In bold are the SNPs that also were identified in an Affymetrix 6.0 data set by directly comparing probe intensities.

Replicated sequences in autosomes and sex chromosomes explain the effect of sex on autosomal SNPs

Because Mendelian principles of allelic transmission do not explain the association of autosomal loci with sex, we investigated whether nucleotide sequences on sex chromosomes could hybridize to the oligonucleotide probes of autosomal SNPs in various microarrays. Analysis of 28 of the SNP-flanking sequences (i.e. one for each autosomal locus we had found associated with sex in the first step) using the BLAST revealed that 21 of the 28 probes shared total or partial homology with sequences on the Y or X chromosome. All alignments of the SNP-flanking sequences and their locations on the genome can be found in Supplementary Data sets S1 and S2. Figure 1 shows the sequence alignment of a representative SNP-flanking sequence with an autosomal target sequence and with the homolog on a sex chromosome. We picked 28 random SNPs among those who were not found to be associated with sex and used them as control. The BLAST alignment showed that 26 of 28 SNPs had flanking sequences fully specific of their theoretical location, one had one homology on another autosome, and only 1 of 28 had many weak homologies on other chromosomes including chromosome X (Supplementary Data set S3). We then aligned all probes' flanking sequences from Data sets 1 and 2 on the chromosome X and Y sequence, and the association of autosomal SNPs with sex versus homologies on sex chromosomes is represented in Figure 2 and Supplementary Figure S1. When comparing Chi square statistics of probes with homologies versus probes with no homologies on sex chromosomes, we found that some groups of probes with high homologies on sex chromosomes had a significantly higher association to sex. Interestingly, in Data set 2 (Supplementary Figure S1), this was still true after exclusion of all SNPs showing an association to sex after Bonferroni correction.

Figure 1.

BLAST alignment analysis of the flanking sequence of a sex-associated SNP (rs12372818 on chromosome 13). Two homologous sequences are present on the Y chromosome (and one on chromosome 3). The presence of the ‘A’ variant on chromosome Y is responsible for a higher frequency of the minor allele in males.

Figure 2.

Sex-association score (Chi square statistics) versus the homology score (BLAST raw score) in data set 1 (Illumina 370 k). For each level of homology, mean diamonds with 95% confidence interval. **P < 0.0001 versus no homology (0).

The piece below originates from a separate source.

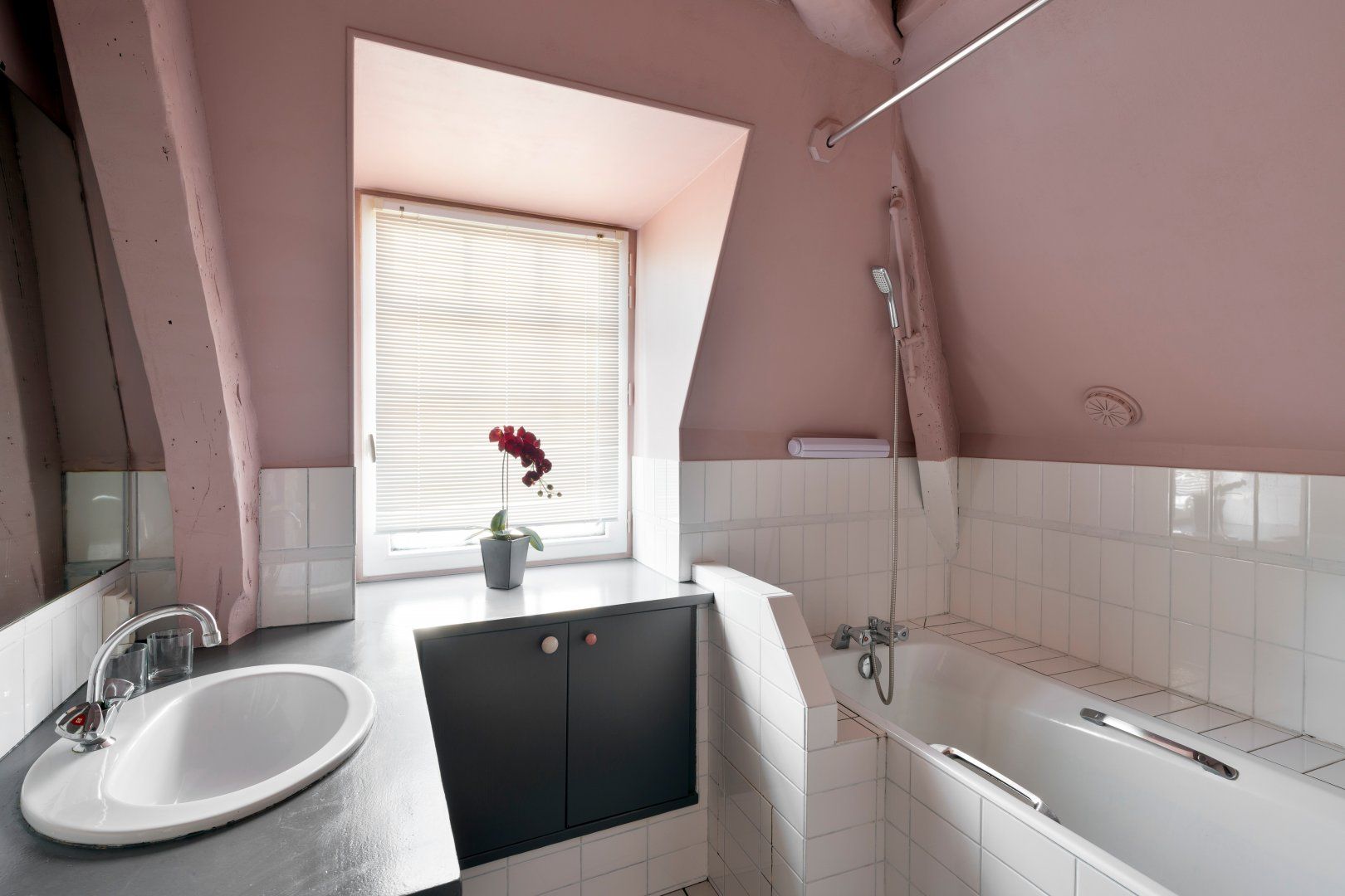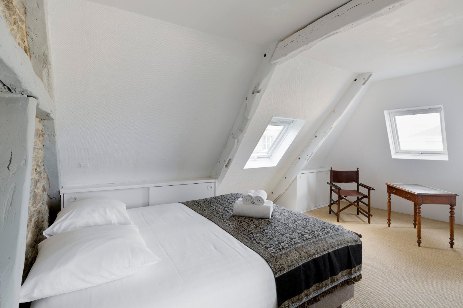 Whitewashed wooden beams and high sloping ceilings are the primary features of the living area which give you a sense of both the building's history and its timeless charm. Light fills each room through large windows, illuminating cosy corners that are just made for curling up with a good book and a cup of tea.

The 7 other SNPs did not exhibit such strong homology between their flanking sequences and sex chromosome sequences. We therefore investigated the possibility that a competition would occurr between restriction fragments from the sex chromosomes and autosomal restriction fragments, with respect to hybridization of the oligonucleotide probe.

We used BLAST to search the entire genome for sequences exhibiting homology within the larger region corresponding to the restriction fragment containing the SNP. We found that the restriction fragments from four of the seven SNPs associated with sex had homologous sequences located on the sex chromosomes. All alignments of the SNP-flanking regions and their locations can be found in Supplementary Data sets S4 and S5. Supplementary Data set S6 shows the alignment of a representative SNP restriction fragment with sex DNA.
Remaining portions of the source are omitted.